De retour au commissariat, nous comprenons que Finlay a bien une vie familiale compliquée avec sa Sharon et la flic cool de la série, Roscoe, apprend à son boss qu’il vient de faire une grosse erreur. Il est ainsi confirmé que Reacher est un officier haut gradé et héros de guerre qui n’a rien à faire en prison. Le chef est à deux doigt de se refumer une cigarette dis-donc, alors qu’en prison, Reacher et Paul font plus amples connaissances autour d’un repas.

Paul passe ainsi aux aveux, comme prévu : il est très clair qu’il est innocent, mais qu’il est impliqué dans quelque chose de plus grave que ce qu’il en paraît. Bizarrement, Reacher agit comme s’il s’en foutait de ça aussi. Il sait qu’il va être libéré rapidement après tout, et désormais, il veut quitter la ville. Tant pis s’il n’a pas eu l’occasion de trouver son artiste mort là, il oublie cette intrigue pour se casser au plus vite de la ville, sentant bien que quelque chose va déraper très vite.

Il est libéré de prison plus vite encore, ayant ainsi l’occasion de sympathiser avec Roscoe. C’était cool comme tout ces scènes où ils apprennent à se connaître tout en flirtant dans un will they/won’t they hyper prévisible. Pour un type qui s’apprêtait à quitter la ville, Reacher y passe finalement beaucoup de temps. Il s’achète des fringues avec Roscoe, puis reste pour son artiste et une coupe de cheveux vite fait.

Là, sérieusement, il était temps pour moi de décrocher de cet épisode. Pourtant, on voit bien qu’il y a une voiture qui suit Reacher partout, et lui aussi il le voit. Il se rend donc confronté les deux types qui en sortent, un petit clairement énervé qui est celui qui nous a défoncé le cadavre post-mortem et son cousin très froid et calculateur. Ce dernier n’hésite pas une seconde à nous menacer Reacher avec son passé trouble.

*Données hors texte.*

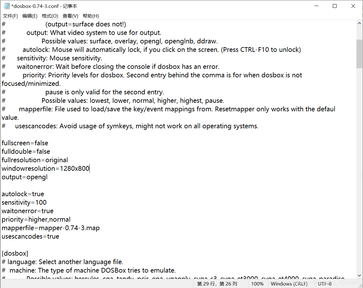 如果界面太小,也是在这个文件下,更改成windowresolution=1280x800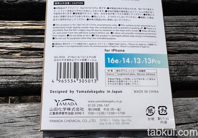 パッケージ背面には正式名称と思われる「No.3050」や「左右のぞき見防止ガラス保護フィルム」といった名称。材質に強化ガラス、シリコーン粘着剤が使われていることが記述されていた。
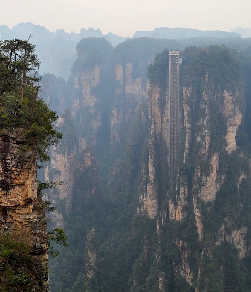 원가계에서는 미혼대, 후화원, 천하제일교를 둘러보고, 세계 최고의 야외 엘리베이터인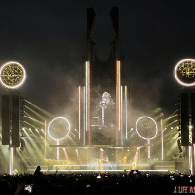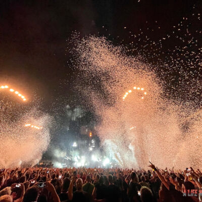 Un palcoscenico mostruoso, vasto, tirannico… con effetti pirotecnici micidiali… con esplosioni letali, fiamme infernali e fumi tossici… prendendo in giro tutti, strizzando l’occhio alle infinite accuse che -negli anni- altro non hanno fatto che alimentare l’ego e potenza scenica di questa band colossale.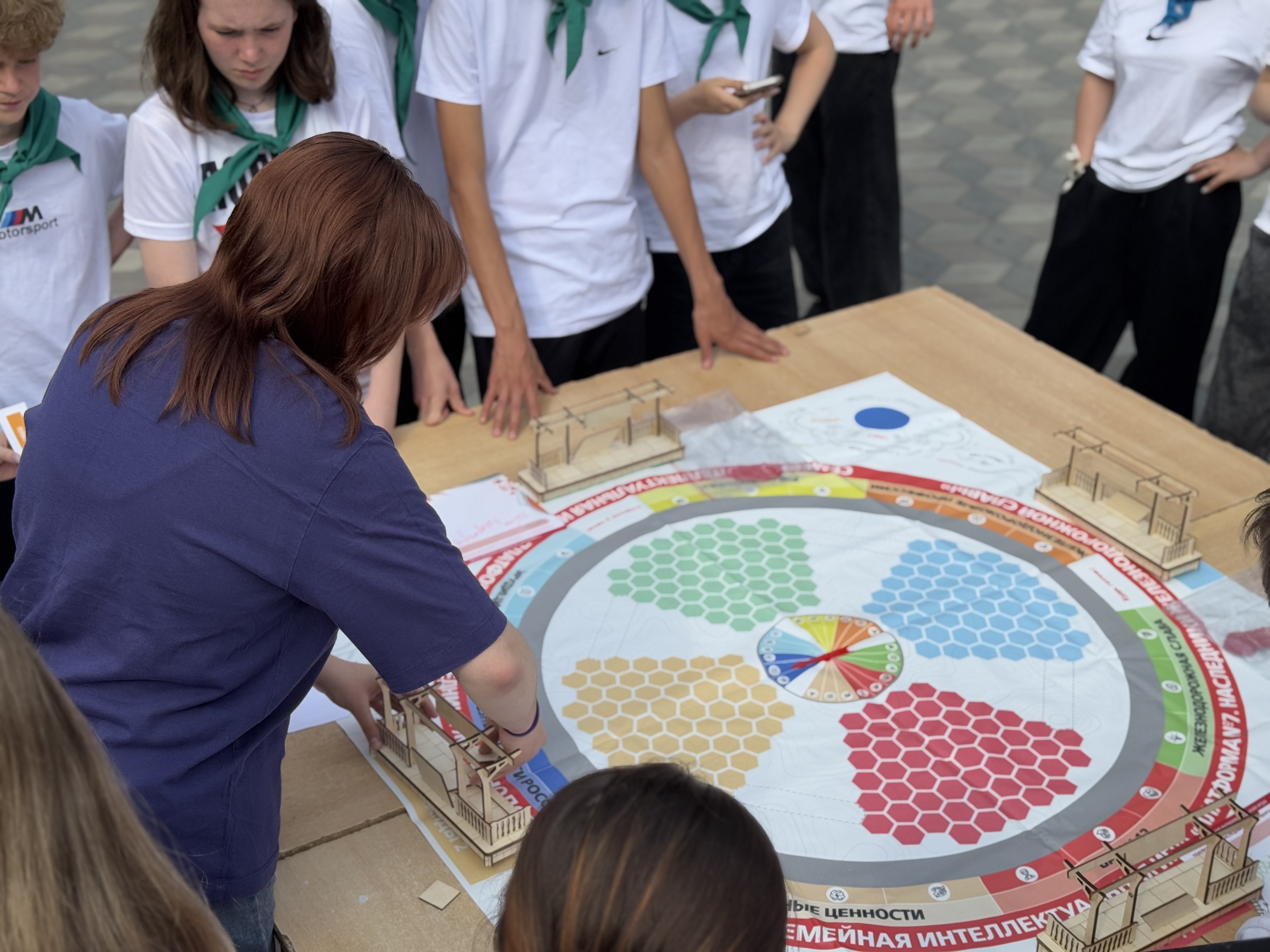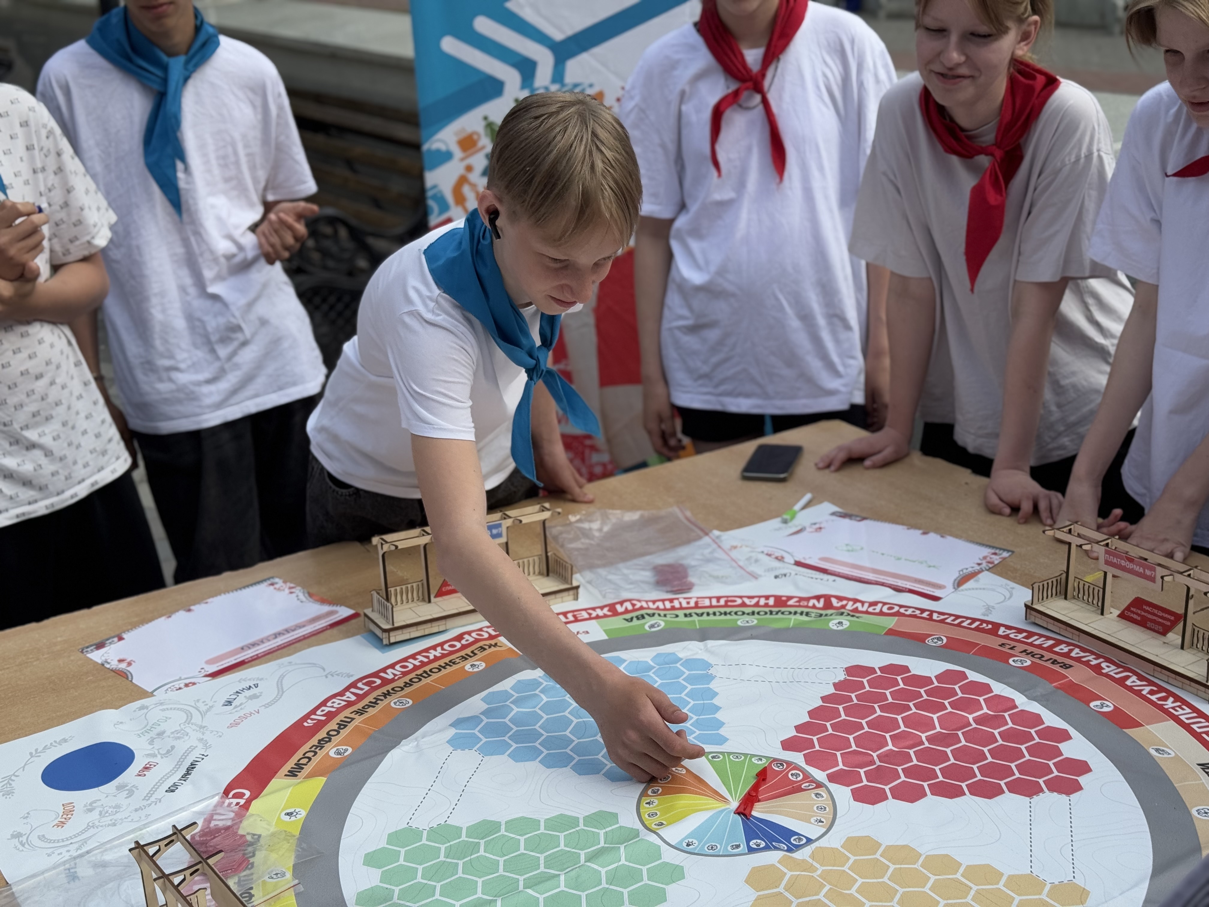 После этого игра перешла в общий этап — все отряды объединились, чтобы вместе пройти новые испытания и показать свои лучшие качества. Атмосфера была невероятно дружелюбной и энергичной, а ребята поддерживали друг друга и стремились к победе.

Plus trouble que celui des flashbacks où il est un adolescent insupportable, en tout cas. Bon, restons avec le présent : un deuxième meurtre a lieu dans cette toute petite ville, ce qui nous met Finlay sur les nerfs. C’est aussi une bonne raison pour que Roscoe ne puisse pas avoir son dîner-rencard avec Reacher et pour que Finlay force Reacher à venir avec eux à la morgue. C’est clairement une excellente idée, parce que Reacher reconnaît directement le cadavre rien qu’avec une photo de sa main gonflée par une allergie au latex.

Evidemment. La victime est son frère, alors il en connait toute la vie et toutes les cicatrices. Il identifie sans mal le corps, semble affecté, mais pas trop non plus et ça nous laisse Finlay encore plus énervé après lui qu’avant. Tu m’étonnes. Roscoe est forcée de séparer son boss et celui qui vient juste de gagner son rôle de consultant/suspect auprès de la police de Margrave, avant qu’on en arrive à la fin de l’épisode à laquelle on s’attendait : Reacher révèle que le musicien qu’il venait voir, c’était son frère qui en avait parlé. Et maintenant, il veut venger la mort de son frère. Inévitablement.

Allez, ça peut me faire une série pour les fins de soirée, quand je commence à m’endormir. Ca se regardera tout seul, je pense.